Hi, have anyone came accross the following warning/error:
[ 82.824842][ T1013] [drm] Not enough PCI address space for a large BAR.
[ 82.824846][ T1013] amdgpu 0000:30:00.0: BAR 0: assigned [mem 0x7f40000000-0x7f4fffffff 64bit pref]
[ 82.824944][ T1013] amdgpu 0000:30:00.0: BAR 2: assigned [mem 0x7f50000000-0x7f501fffff 64bit pref]
[ 82.825411][ T1013] amdgpu 0000:30:00.0: amdgpu: VRAM: 16368M 0x0000008000000000 - 0x00000083FEFFFFFF (16368M used)

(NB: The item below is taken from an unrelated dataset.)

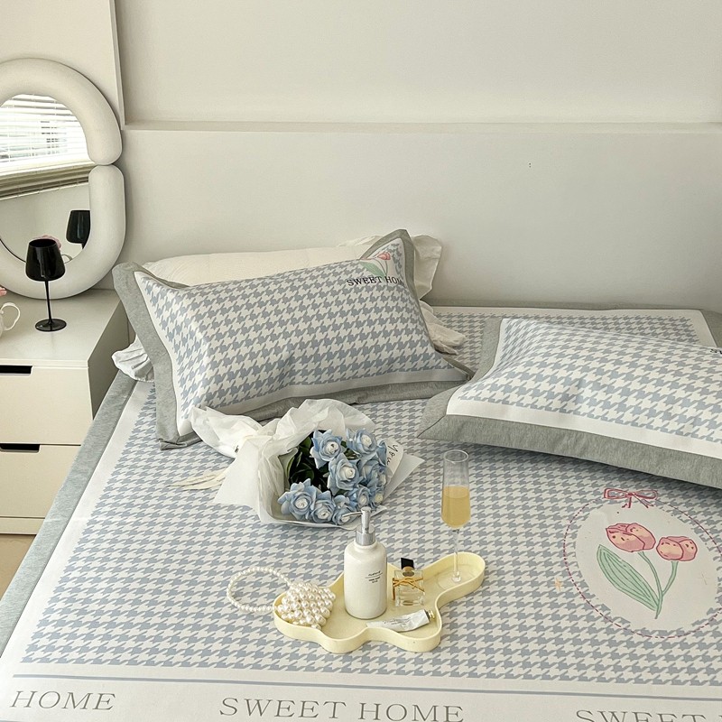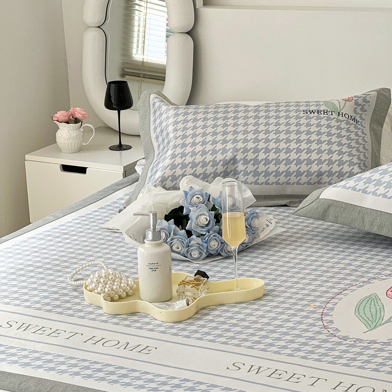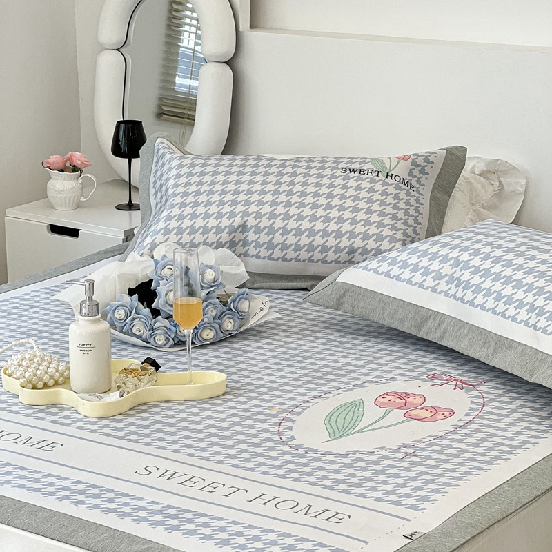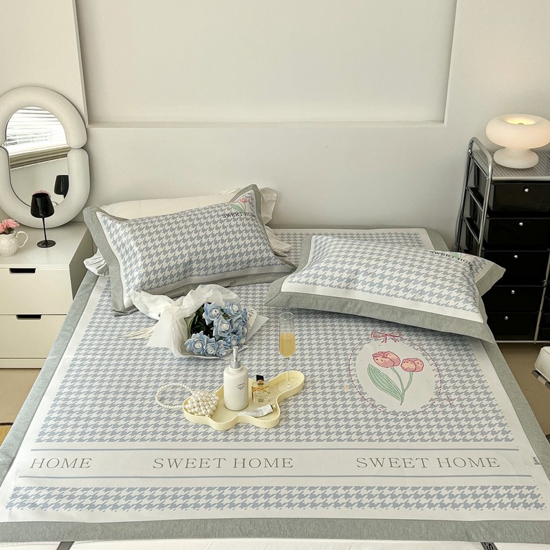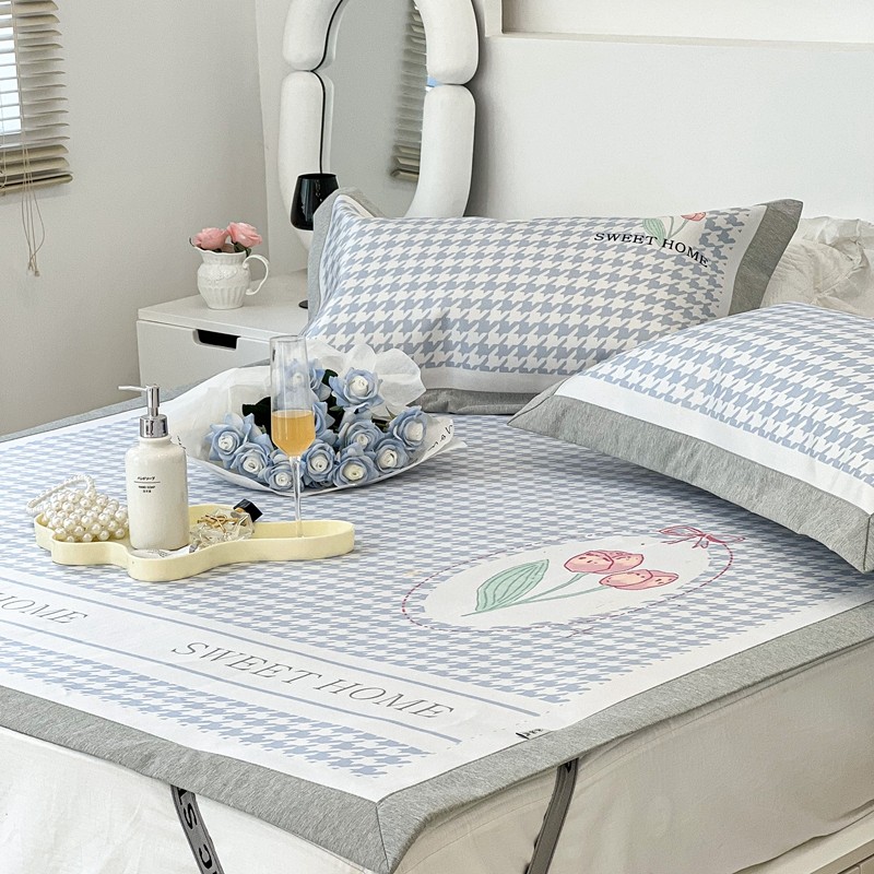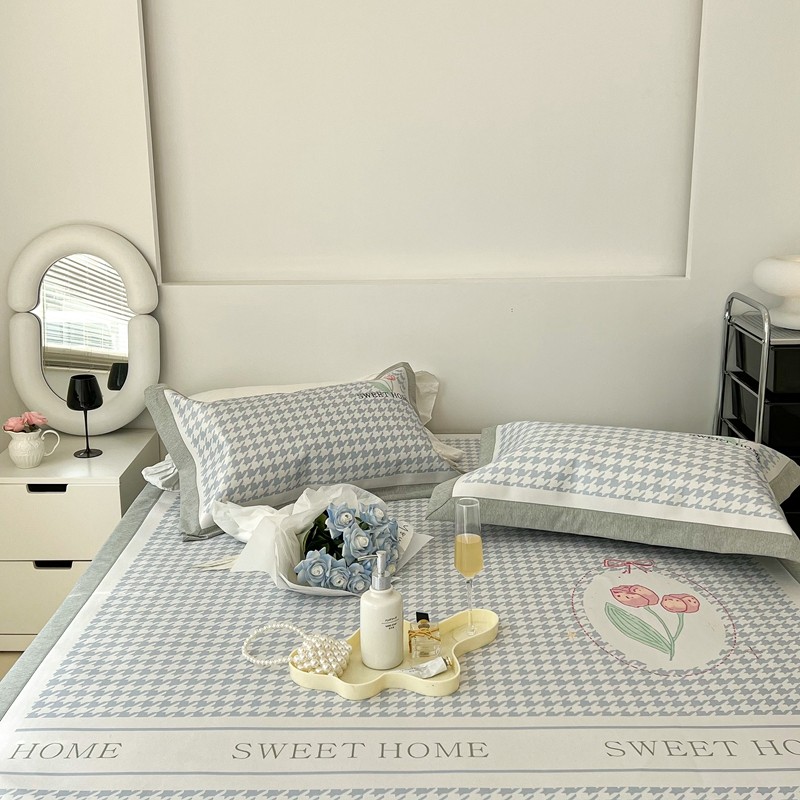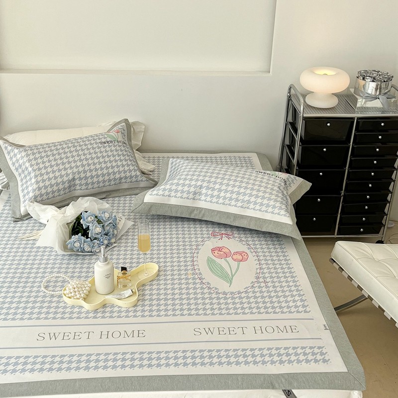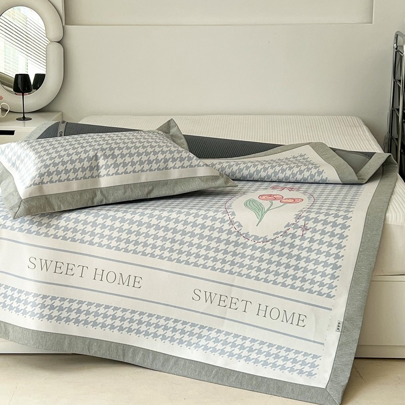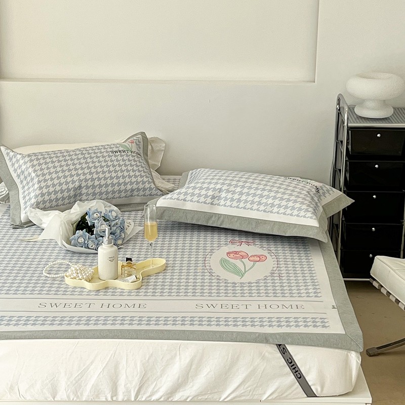 昔可 2022新款大版数码水洗冰沐丝凉席 千鸟格郁金香

[ 82.825413][ T1013] amdgpu 0000:30:00.0: amdgpu: GART: 512M 0x0000000000000000 - 0x000000001FFFFFFF
[ 82.825416][ T1013] amdgpu 0000:30:00.0: amdgpu: AGP: 267894784M 0x0000008400000000 - 0x0000FFFFFFFFFFFF
[ 82.825466][ T1013] [drm] Detected VRAM RAM=16368M, BAR=256M
[ 82.825467][ T1013] [drm] RAM width 256bits GDDR6
[ 82.825509][ T1013] [drm] amdgpu: 16368M of VRAM memory ready
[ 82.825513][ T1013] [drm] amdgpu: 16368M of GTT memory ready.
[ 82.825518][ T1013] [drm] GART: num cpu pages 131072, num gpu pages 131072
[ 82.827887][ T1013] [drm] PCIE GART of 512M enabled (table at 0x0000008000000000).
[ 82.828764][ T1013] amdgpu 0000:30:00.0: amdgpu: PSP runtime database doesn't exist
networkd[668]: wlan0: DHCPv4 address 192.168.1.33/24 via 192.168.1.1
networkd[668]: wlan0: Configured
timesyncd[468]: Network configuration changed, trying to establish connection.
1]: Starting resolvconf-pull-resolved.service...
1]: Started resolvconf-pull-resolved.service.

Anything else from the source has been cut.